Assignment :: With the pictures left out, retype exactly the lines below starting at the line that contains "与洛可可合作,为北汽集团提供" and ending at the line that contains "O homem ainda".

Records for processing ::
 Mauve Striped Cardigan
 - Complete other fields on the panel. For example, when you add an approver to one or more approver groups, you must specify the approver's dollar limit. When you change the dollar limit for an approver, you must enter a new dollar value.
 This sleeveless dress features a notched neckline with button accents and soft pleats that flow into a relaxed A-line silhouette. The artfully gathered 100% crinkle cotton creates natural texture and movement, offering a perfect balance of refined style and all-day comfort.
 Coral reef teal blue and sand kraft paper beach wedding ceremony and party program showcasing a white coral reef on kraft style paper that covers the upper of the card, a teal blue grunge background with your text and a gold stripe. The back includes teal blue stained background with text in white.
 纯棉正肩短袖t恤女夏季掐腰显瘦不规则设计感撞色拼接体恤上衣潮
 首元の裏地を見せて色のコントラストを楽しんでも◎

==

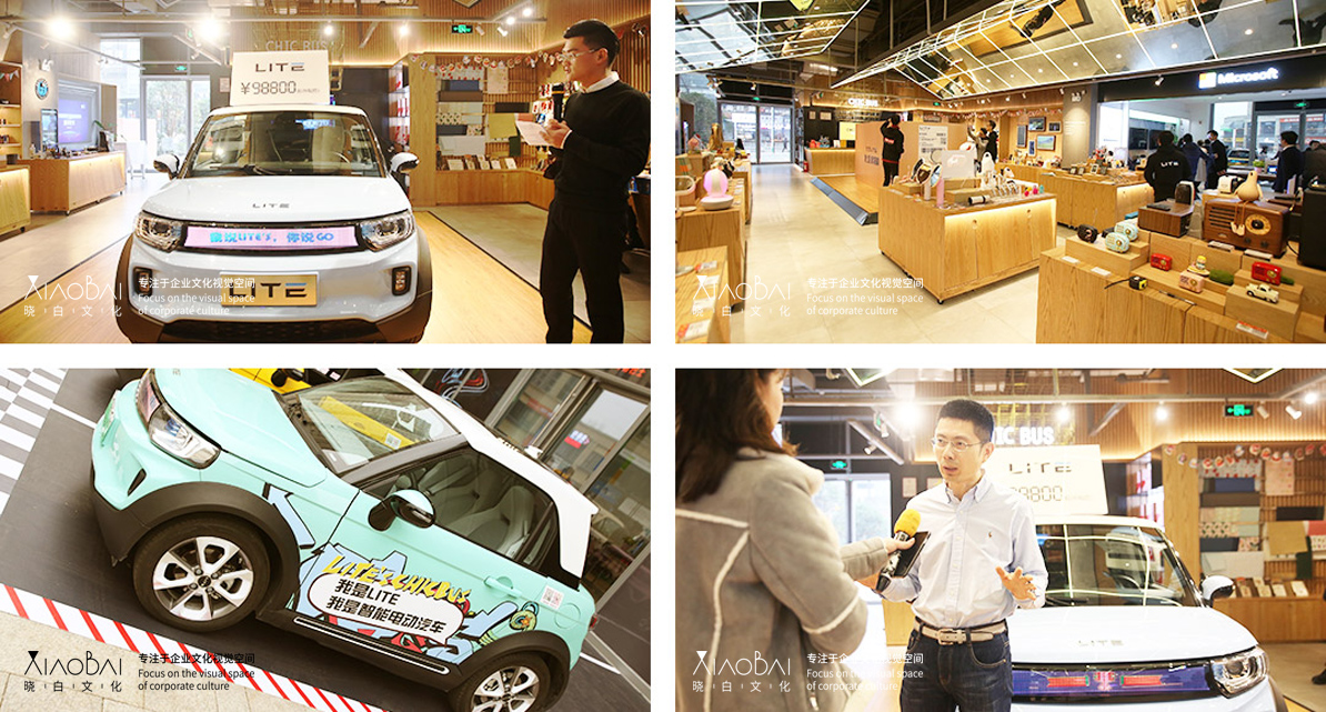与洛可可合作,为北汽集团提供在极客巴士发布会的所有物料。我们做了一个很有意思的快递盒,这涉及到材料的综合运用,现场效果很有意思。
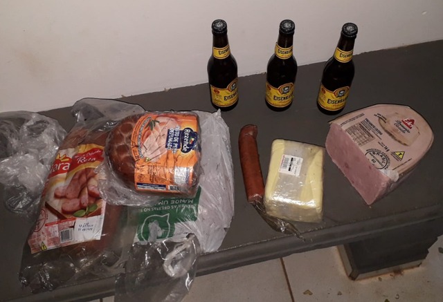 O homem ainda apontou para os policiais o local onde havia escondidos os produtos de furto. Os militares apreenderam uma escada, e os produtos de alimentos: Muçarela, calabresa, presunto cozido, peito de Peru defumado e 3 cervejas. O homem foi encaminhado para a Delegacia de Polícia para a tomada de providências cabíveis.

Reply ::
与洛可可合作,为北汽集团提供在极客巴士发布会的所有物料。我们做了一个很有意思的快递盒,这涉及到材料的综合运用,现场效果很有意思。
 O homem ainda apontou para os policiais o local onde havia escondidos os produtos de furto. Os militares apreenderam uma escada, e os produtos de alimentos: Muçarela, calabresa, presunto cozido, peito de Peru defumado e 3 cervejas. O homem foi encaminhado para a Delegacia de Polícia para a tomada de providências cabíveis.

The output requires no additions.